En realidad los mutilnucleos si son procesadores independientes, pero quien gestiona el uso de los nucleos es el sistema operativo.

Por varios años he usado servidores Intel Xeon, y da la casualidad que siempre el procesador 1 está mas activo que el 2, incluso difieren un poco en temperatura, entonces, en que te basas para decir que uno prevalece sobre los otros? 

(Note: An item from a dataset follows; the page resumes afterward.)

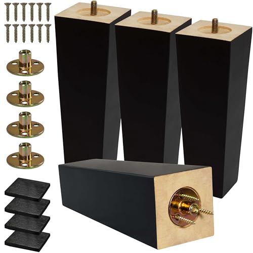 CODIN (5 Sizes: 3"-4"-5"-6"-8" Set of 4 Wood Furniture Legs - Square Sofa Legs, Couch Leg - Brown Mid-Century Modern Replacement Legs for Armchair Recliner Coffee Table Dresser (8")
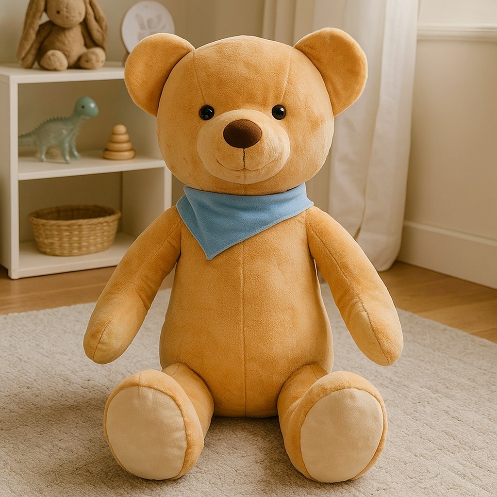 Poznaj uroczego pluszowego misia giganta, który wprowadzi do każdego domu ciepło, radość i mnóstwo przytulnych chwil! Ten mięciutki przyjaciel to idealny towarzysz zabaw, drzemek i codziennych przygód dzieci. Wykonany z delikatnego, miłego w dotyku pluszu, sprawia, że trudno się z nim rozstać. Jego klasyczny brązowy kolor i urocza niebieska chustka dodają mu wyjątkowego uroku – to maskotka, która podbije serca zarówno maluchów, jak i dorosłych.

Ahora si me hablas del procesador del PlayStation 3, si es otra historia jejeje


----------



## Cacho (Ene 19, 2011)

Me sorprende que se esté discutiendo el enfoque mentiroso... Y más porque se trata de electrónicos discutiéndolo 

Si hacemos un comparativo entre motores de Ford y Chevrolet, los ponemos en un banco de pruebas y medimos consumo, torque, potencia, durabilidad, etc. 
No se los pone a funcionar sin agua ni aceite a ver cuál de los dos se funde primero, eso sería una prueba estúpida y elegir uno u otro basados en eso no nos calificaría muy bien.

Que un procesador disipe más potencia (o sea, se calienta más) que otro habla de su _eficiencia_ y de nada más. Sacarles los disipadores es una prueba destructiva muy linda de hacer (romper cosas es lindo, sobre todo si son caras y no las paga uno), pero es un cazatontos nada más. Basar la discusión en cuál trabaja más caliente no sirve para nada.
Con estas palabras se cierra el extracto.